Iqaluit (Aug 14/00) - You can tell a newcomer in the food section of a Nunavut store a mile away. It's the slack-jawed look they get when they eyeball the price of a two-litre carton of milk for the first time.

The catatonic gaze persists as they push their cart up the aisle and discover the price of avocados, capers and refined sugar.

Welcome to Nunavut, surely the most expensive place to shop for food in Canada.

Granted, costs are high because most things that end up on the table have to be flown or shipped in. That jacks up the prices and turns grocery shoppers -- at least those concerned with pinching their pennies -- into serious comparative buyers.

Take Mike Gardener, for example. A resident of Nunavut for about the last 45 years, Gardener has more than a few tricks up his shopping sleeves.

He hits at least one of Iqaluit's three grocery stores every day or every second day. He said the key to stretching his dollar is finding out which vendor has the best price.

He has found that the stores will sell the very same item at a very different price on different days.

"We don't expect (prices) to be southern prices. We expect them to be higher, but we shouldn't have to put up with the idea that this is what it costs in the North," said Gardener.

"There should be a consumer advocacy group. They could be the watchdog. It's hard to get through all of this," he said.

Gardener said he would like to see the group create something he called a weekly food basket.

"Someone would go around once a week at an unannounced time and compare the prices of items that are commonly used by people. Items like a five-pound bag of potatoes, a litre of gas and flour," said Gardener.

He said local prices could be compared to Yellowknife and southern prices to show shoppers what they were being charged in comparison to other places and whether or not Nunavut stores were unfairly hiking their prices up. Gardener said the results could be published in local newspapers to ensure they were made as public as possible.

"A lot could be done for the community by having a weekly food basket. The service needs to be done," he said.

Gardener, who does support local stores but also orders from the south and places an annual sealift order, added that the advocacy group could monitor the packaging dates on items to ensure consumers were sold fresh products.

Marty Kulugutuq also has an interest in fresh products, but has a hard time getting them in Grise Fiord. Because a direct flight from Iqaluit only lands once a week, it can be tough to buy produce that is still edible.

"On Wednesday, the plane comes in direct. On Thursday morning when the Co-op opens, we scramble to get the fresh produce. You sort of have to line up to get the best ones," said Kulugutuq.
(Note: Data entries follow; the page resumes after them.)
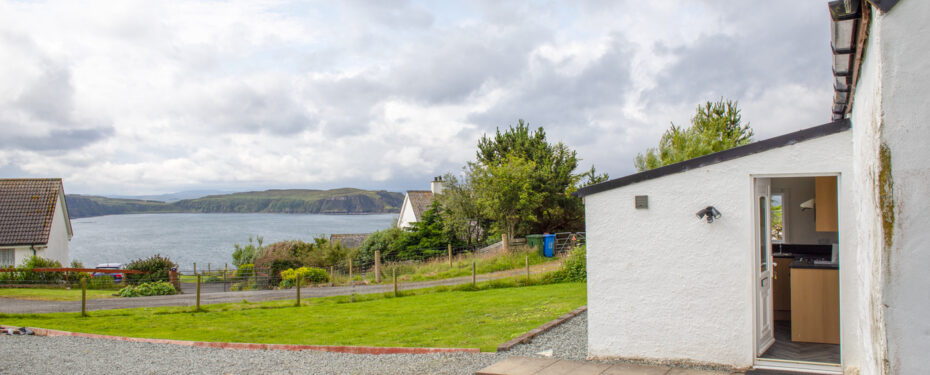 The Cottage 2 Idrigill is situated in the township of Uig. Located approximately 16 miles from Portree, the main town on the Isle of Skye. The property is set back from the road and is accessed by a single track road. The Cottage is a one and a half storey stone croft house surrounded by a grass lawn. Please note the maintenance of the garden is the tenants responsibility. Tenants have access to one wooden shed, a washing line and a plastic coal bunker. Private parking is available on the gravel driveway.
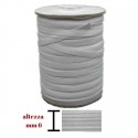 Elastico (treccia si intende il tipo di lavorazione: crochet) ottimo con i lavaggi in lavatrice altezza mm 6, molto morbido in estensione. Prezzo riferito a pezza da 20 metri
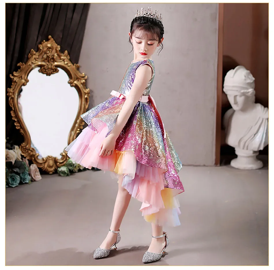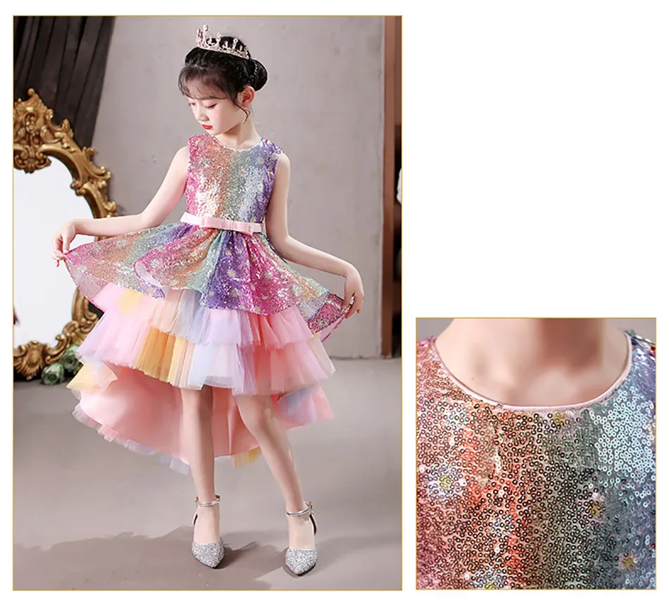 Платье с блестками для девочек, радужной расцветки, искусственное платье, детское сценическое трехслойное платье для дня рождения, свадьбы, вечеринки
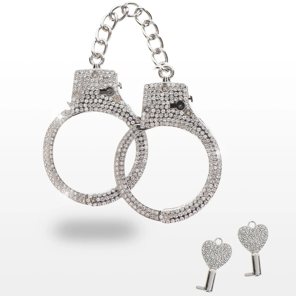 Stay in style and in control over your submissive with these heavy, silver-plated, with rhinestones encrusted handcuffs. The cuffs are adjustable. Including 2 keys and storage pouch.
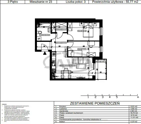 • Liczba pokoi / układ: Salon z aneksem kuchennym, dwie sypialnie, łazienka z wc.
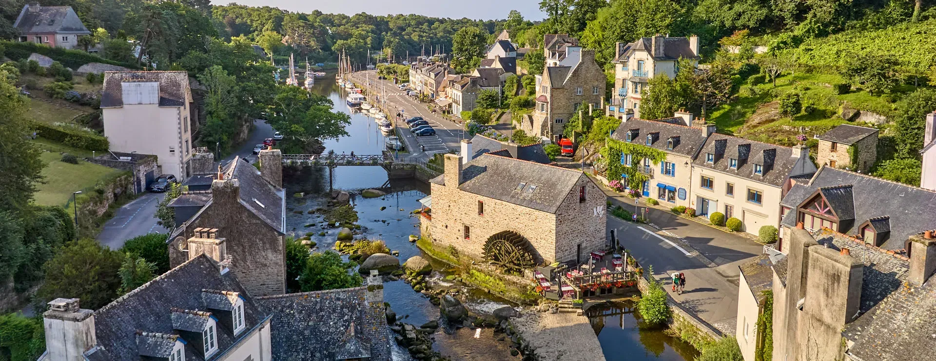 Arriba, Pont-Aven, campiña francesa. Abajo, algunos de sus cuadros de aquella época.
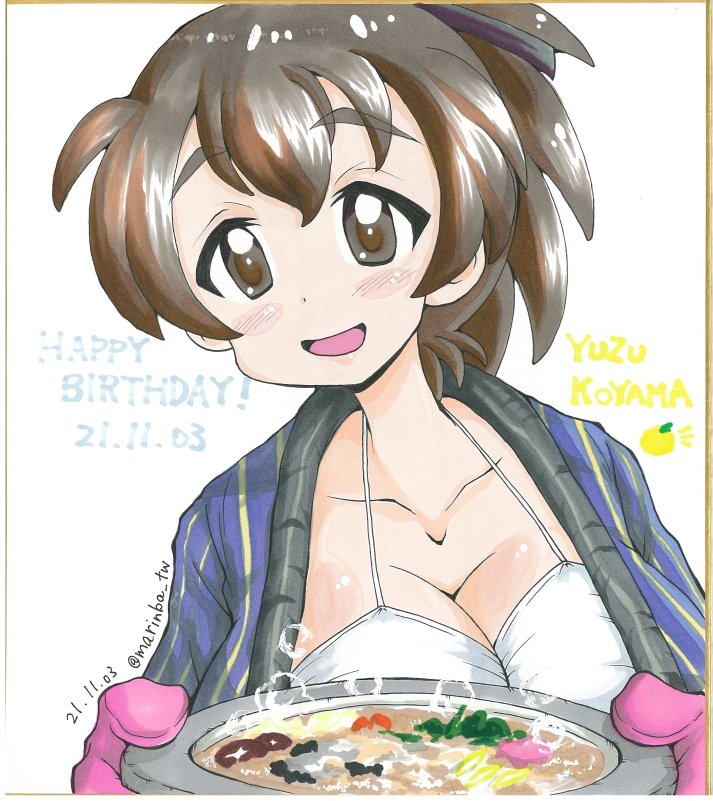 柚子ちゃん♥️ HAPPY♥️BIRTHDAY♥️ お誕生日おめでとうございます。 夜勤明けで、色紙に色をぬりました。 ガルパンで1番普通の女子高生だと思います。可愛いけど普通すぎて、他の個性的なキャラに埋もれてします。 最終章で活躍して欲しい。 #小山柚子生誕祭2022 #小山柚子生誕祭 #小山柚子誕生日

"Unfortunately, it comes in spoiled sometimes," he said.

And with just one store in which to shop -- the Grise Fiord Inuit Co-op -- Kulugutuq said the High Arctic shopping experience had less to do with price watching than in more southerly locations.

"You're asking the wrong person about prices," said Kulugutuq. "We don't really pay attention because where else are we going to get it?"
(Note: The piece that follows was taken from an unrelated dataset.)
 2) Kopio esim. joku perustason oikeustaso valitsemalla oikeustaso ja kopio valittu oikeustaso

Alternative shopping methods include purchasing items on trips to the south or ordering on the sealift, but Kulugutuq said the latter ends up backfiring in the end because money that isn't spent at the community-owned Co-op doesn't circulate back into Grise Fiord.

It goes instead, into the pockets of outside businesses.
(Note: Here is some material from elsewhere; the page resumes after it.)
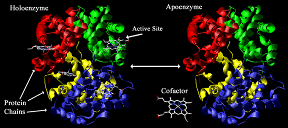 A veces, un enzima requiere para su función la presencia de sustancias no proteicas que colaboran en la catálisis: los cofactores. Los cofactores pueden ser iones inorgánicos como el Fe++, Mg++, Mn++, Zn++ etc. Casi un tercio de los enzimas conocidos requieren cofactores. Cuando el cofactor es una molécula orgánica se llama coenzima. Muchos de estos coenzimas se sintetizan a partir de vitaminas. En la figura inferior podemos observar una molécula de hemoglobina (proteína que transporta oxígeno) y su coenzima (el grupo hemo). Cuando los cofactores y las coenzimas se encuentran unidos covalentemente al enzima se llaman grupos prostéticos. La forma catalíticamente activa del enzima, es decir, el enzima unida a su grupo prostético, se llama holoenzima. La parte proteica de un holoenzima (inactiva) se llama apoenzima, de forma que:

"We end up shooting ourselves in the foot," he said.

Shopping isn't much better in Kitikmeot.

Violet Noksana of Cambridge Bay, who has lived and grocery shopped everywhere from Tuktoyaktuk to Inuvik, Iqaluit and now the Kitikmeot, said her present home has the highest prices she's seen to date.

"Stuff is more expensive here," said Noksana, of the hamlet's two options for food shopping.

Consumers also have to deal with items being unavailable when the stock runs out, a reality that is particularly bad at the moment.

"It's been worse lately because we're waiting for the barge to come in," said Noksana, who personally spent a few thousand dollars on a sealift order. That means she should be able to spend less time browsing the aisles in local stores for at least part of the year.

"I ordered the regular dried goods and cans and flour," she said.